What Overstimulation Is

Overstimulation happens when we are swamped by more sights, sounds, tastes, and sensations than with which we can cope. It is as if we have too many tabs open in our head, and our brain cannot process them as fast as they are firing. Once this sensory overload begins, we become hyperaware of everything in our environment, exacerbating our condition.

For someone who dissociates and is already sensitive to anxiety-provoking events, too much stimuli can be detrimental to our routine functioning. Our brains cannot process the amount of stimuli we are ingesting, so we are prone to dissociate and shutdown.

Many people have heard of the fight-flight-freeze response. It is the body’s response to real or perceived danger. The body will either enter fight mode and stay, go into flight mode and try to escape the situation or freeze and shut down emotionally. When individuals who are sensitive, such as those with dissociative disorders, and susceptible to overstimulation are exposed to exessive sensory triggers, they can go into freeze mode, which is where dissociation occurs. 

My Experience with Overstimulation and Dissociative Identity Disorder

Dissociation and shutting down happened with me recently when I was out with a group of six friends. We all joined together for a few hours one day for shopping and a meal. Everyone was talking, cackling, and singing to the radio, seemingly all at the same time. Soon, the amount of noise was too much for my threshold. The environment was overstimulating, and I began to shut down.

Due to excessive stimulation, I could not understand what my friends were saying. I only heard loud, muffled noise from my group. I became dissociative and disconnected from myself. My head began to hurt and felt fuzzy inside. My anxiety was fired up, but I grew quiet, turned in towards myself, and shut down. I had to leave my friends early to decompress and find a safe space.

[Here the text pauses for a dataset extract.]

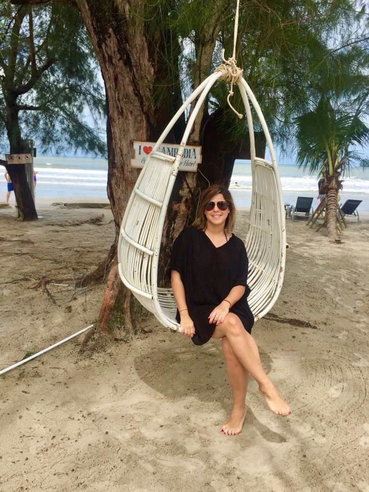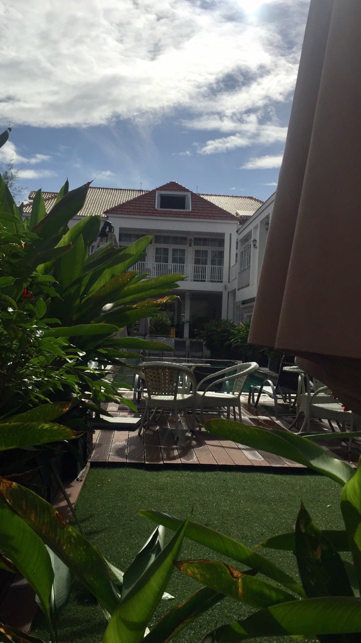 You have to flight to Phomn Phen, and from there is almost 4 hours by car!!! I know, it’s super far, but starting this September, there will be a direct flight from KL, not bad eh? The way by car is ok, there is a lot of traffic to get out of the city, and then later the highway is only two lanes, so a little bit dangerous when passing the cars. On the way, it started to rain like crazy, and it is because it’s raining season in Cambodia (something that I didn’t know until I got there :/). Got to the hotel and it was a super nice white boutique hotel along the beach, exactly as it is shown in the pictures featured in their webpage.

I experienced severe overstimulation. For the next two days, I lay in bed crying, distraught, and foggy-headed. I lost several days of memory, and it eventually took a week before I felt back to my normal self. 

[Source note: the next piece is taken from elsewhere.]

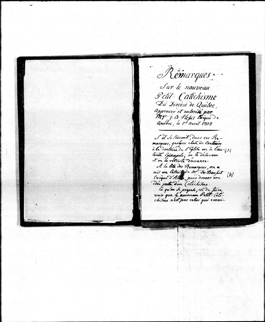 - Livre manuscrit intitulé «Remarques sur le nouveau petit catéchisme du diocèse de Québec», autorisé et approuvé par monseigneur J.-O. Plessis, évêque de Québec, 1er avril 1815; livres manuscrits intitulés «Notes pour sermons, retraites, etc.», 1857-1901

How to Cope with Overstimulation and Dissociation

You can try to avoid triggers of sensory overload once you know what causes it for you. For example, I know that crowds of people and loud noises trigger me to shut down and create a need to retreat to a quiet space, so I know to avoid the shopping mall on Black Friday and to avoid the movie theater on the opening night of a Star Wars release.

Other suggestions on how to cope with situations that can lead to dissociation due to overstimulation:

  • Have an escape plan. Get out of the triggering environment. 
  • Take a break. Find someplace to be alone, and use the downtime to rest and recharge.
  • Use earplugs or noise-canceling headphones that can drown out unwanted noises. Play a soothing playlist.
  • Limit your screen time. I have found that dissociation and overstimulation are linked for me and are exacerbated by my use of screens, such as my mobile phone.
  • Respond to your needs early. Take care of yourself before someone needs to take care of you.
  • Try meditation or simple, deep breathing exercises. 
  • Keep things close by that can soothe you and create positive stimuli, such as a favorite, comfortable blanket or a worry stone.
  • Wear sunglasses indoors to block out light.
  • Wear your favorite, comfortable clothes.

Overstimulation and dissociation can be quite debilitating. Everyone experiences too much stimuli at times, but most aren’t aware of its effects. But those with anxiety-related disorders, such as dissociative disorders, are more susceptible to the stresses of sensory overload. Careful planning and knowing your triggers are keys to managing excessive stimuli.